Vista como acanhada, recolhida na casa real em Petrópolis, a má fama de Isabel começou a se formar então. E, apesar de tudo o que será dito a seguir, continua a ser consenso hoje. A historiadora Mary del Priore, por exemplo, é bastante cética a respeito do revisionismo da vida da Princesa: "documentos provam que era totalmente apolítica e voltada para o lar".

A princesa, o marido e os seus três filhos / Crédito: Wikimedia Commons

Despertar político

Até agora, falamos da Princesa Isabel que todo mundo conhece: uma dona de casa incapaz de assumir o trono. Mas seus defensores afirmam que essa é uma Isabel de duas décadas antes da possível sucessão. A Isabel que assinou a Lei Áurea, notou Echeverria, havia evoluído.

Ela se interessou pela maior questão da época: o fim da escravidão. Entrou em confronto com o chefe do gabinete dos ministros Barão de Cotegipe, que foi obrigado a se demitir do posto às vésperas da Lei Áurea. Seria a desprezada princesa a fazer a decisão provavelmente mais impactante da história do Brasil.

Isabel foi firme ao impor sua vontade e aboliu a escravatura mesmo contra a vontade de parte do governo. Ouviu do já citado Barão de Cotegipe que a libertação significaria a perda do trono. "Mil tronos eu tivesse, mil tronos eu daria para libertar os escravos do Brasil", respondeu. Sofreu também com o fogo amigo do sobrinho, Pedro Augusto, que, de olho no trono, conspirava contra a tia.

O envolvimenteo vai além de assinar a lei: antes disso, a princesa havia levantado fundos para a compra de cartas de alforria dos escravos de Petrópolis. E, de certa forma, ela aceitou levar o tiro que, de outra forma, estaria destinado a seu pai.

"O fato é que, sem a sua assinatura, a lei levaria mais alguns anos para ser sancionada.
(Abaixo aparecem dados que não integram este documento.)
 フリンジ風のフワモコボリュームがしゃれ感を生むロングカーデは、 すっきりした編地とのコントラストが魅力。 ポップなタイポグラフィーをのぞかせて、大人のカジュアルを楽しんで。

Acho difícil que dom Pedro II a assinasse, pois ele tinha mais compromissos com a elite agrária, dependente dessa mão de obra, do que sua filha", afirma Regina Echeverria.

A partir da virada, ela se mostra a favor também da reforma agrária, da universalização da educação e do voto feminino. A história mostraria que a tomada de partido contra a escravidão — e automaticamente contra a elite escravocrata —, seria fatal para a monarquia brasileira. Mas não seria só ela.
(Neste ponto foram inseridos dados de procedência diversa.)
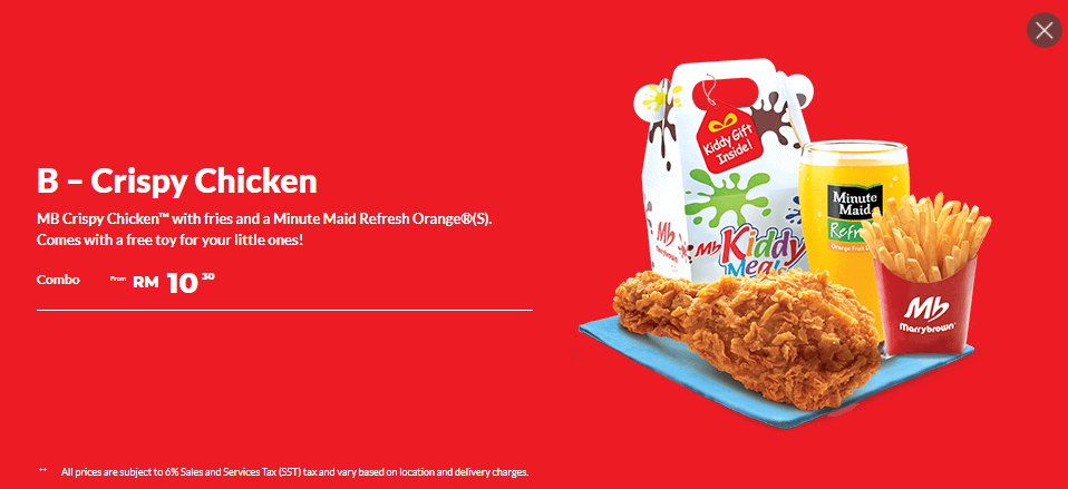 套餐包括:1支香脆炸鸡 + 1份薯条 + 1杯Minute Mate柳橙汁(S)+免费一个Kiddy Gift

A princesa ao assumir a Segunda Regência / Crédito: Wikimedia Commons

Um conde no caminho

As ações da regente abriram os olhos da elite brasileira para a realidade de que Isabel era a futura monarca. "Na Terceira Regência parecia que, pela primeira vez, o país se dava conta de que dom Pedro II não reinaria para sempre", afirma a historiadora Maria Luiza de Carvalho Mesquita. "Que mais cedo ou mais tarde uma outra pessoa ocuparia seu lugar, no caso, uma mulher, casada com um estrangeiro, um liberal francês."

A questão que todos se perguntavam era: seriam mesmo suas as mãos a tomar as rédeas do país? Para os olhos daquela época, quem seria o rei não era ela, mas seu marido, o Conde d'Eu. O próprio abolicionismo da princesa foi visto como uma mera influência negativa dele.

Era um personagem não só estrangeiro como impopular. "O Conde d'Eu era, sem dúvida, caricaturável. Surdo e falando um português muito ruim", afirma o historiador Bruno Cerqueira, fundador do Instituto Cultural D. Isabel I.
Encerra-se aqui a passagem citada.